Kofi Annan proposed building a government that would last for two years in order to set a time limit for the coalition from the very start.

So as the country gears up for the general election, has the grand coalition 2008-2013 been a single episode or rather a turning point for Kenyan politics?

While addressing a meeting of the World Economic Forum in South Africa in 2009, Raila said the grand coalition was not the best form of government, but it a short gap measure put together for the purposes of national peace.

Little political progress has been recorded; in striking contrast to all expectations for more moderation and consensual preparation of a constitutional reform.

Based on experience , the wrangles that have dogged the coalition, the fear of the debilitating effects of a constitutional referendum and the hard-line positions on the contentious issues pose a big threat to the achievement of a new constitution before the 2012 elections.
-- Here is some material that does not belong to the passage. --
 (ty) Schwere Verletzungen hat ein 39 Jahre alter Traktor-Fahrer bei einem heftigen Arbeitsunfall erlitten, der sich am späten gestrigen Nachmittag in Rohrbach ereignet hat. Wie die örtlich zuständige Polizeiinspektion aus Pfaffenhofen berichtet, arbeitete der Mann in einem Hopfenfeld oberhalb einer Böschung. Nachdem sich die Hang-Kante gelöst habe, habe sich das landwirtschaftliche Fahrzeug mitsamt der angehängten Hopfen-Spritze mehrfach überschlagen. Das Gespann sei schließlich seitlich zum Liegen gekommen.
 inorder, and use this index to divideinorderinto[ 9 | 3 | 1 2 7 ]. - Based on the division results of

Concerning land reform, the report noted that the failure to settle all the Internally Displaced Persons remains an important indicator of the challenges facing implementation. This is coupled by the failure of the President Kibaki to gazette the names of appointees to the National Land Commission in good time.
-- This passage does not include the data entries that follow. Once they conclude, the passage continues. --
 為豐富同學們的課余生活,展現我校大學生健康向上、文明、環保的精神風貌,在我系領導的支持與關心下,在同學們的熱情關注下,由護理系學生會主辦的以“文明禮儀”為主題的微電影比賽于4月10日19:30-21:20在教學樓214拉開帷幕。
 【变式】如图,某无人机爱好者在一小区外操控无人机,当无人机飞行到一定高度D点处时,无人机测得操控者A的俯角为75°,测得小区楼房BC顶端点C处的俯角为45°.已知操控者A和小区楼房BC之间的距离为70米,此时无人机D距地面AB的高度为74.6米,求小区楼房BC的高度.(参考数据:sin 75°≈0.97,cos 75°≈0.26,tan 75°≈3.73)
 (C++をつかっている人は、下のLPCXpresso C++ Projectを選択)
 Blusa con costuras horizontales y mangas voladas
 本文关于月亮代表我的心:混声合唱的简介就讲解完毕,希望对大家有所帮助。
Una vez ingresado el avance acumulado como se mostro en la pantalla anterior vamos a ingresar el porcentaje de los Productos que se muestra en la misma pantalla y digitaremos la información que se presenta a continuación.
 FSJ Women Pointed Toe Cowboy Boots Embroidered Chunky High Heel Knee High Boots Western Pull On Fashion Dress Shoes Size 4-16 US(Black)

Poverty and inequality and efforts to combat regional development imbalances have not been successful. The most promising efforts are related to constitutional provisions on county governments and Vision 2030 development initiatives.

Regarding youth unemployment, the South report recalled the KNDR recommendation that efforts be made to generate an average of 740,000 new jobs each year from 2008. The first efforts to do so comprised short-term interventions and initiatives which have been beset by allegations of corruption.

The South report found that inter-community relations had improved, but there had been no coherent policy or approach on which to anchor gains, or even address ethnic inequalities. The fight against corruption had also not registered much success. The report noted that the lack of political commitment to deal with politically powerful individuals involved in corruption was a major challenge to the fight against impunity.

The South report concluded that the successful review of the constitution had laid a strong foundation for institutional renewal. Progress in some areas of Agenda Item 4 had not, however, been matched by others and that change within some institutions, critical for securing peace at the general election and a smooth transition, remain outstanding.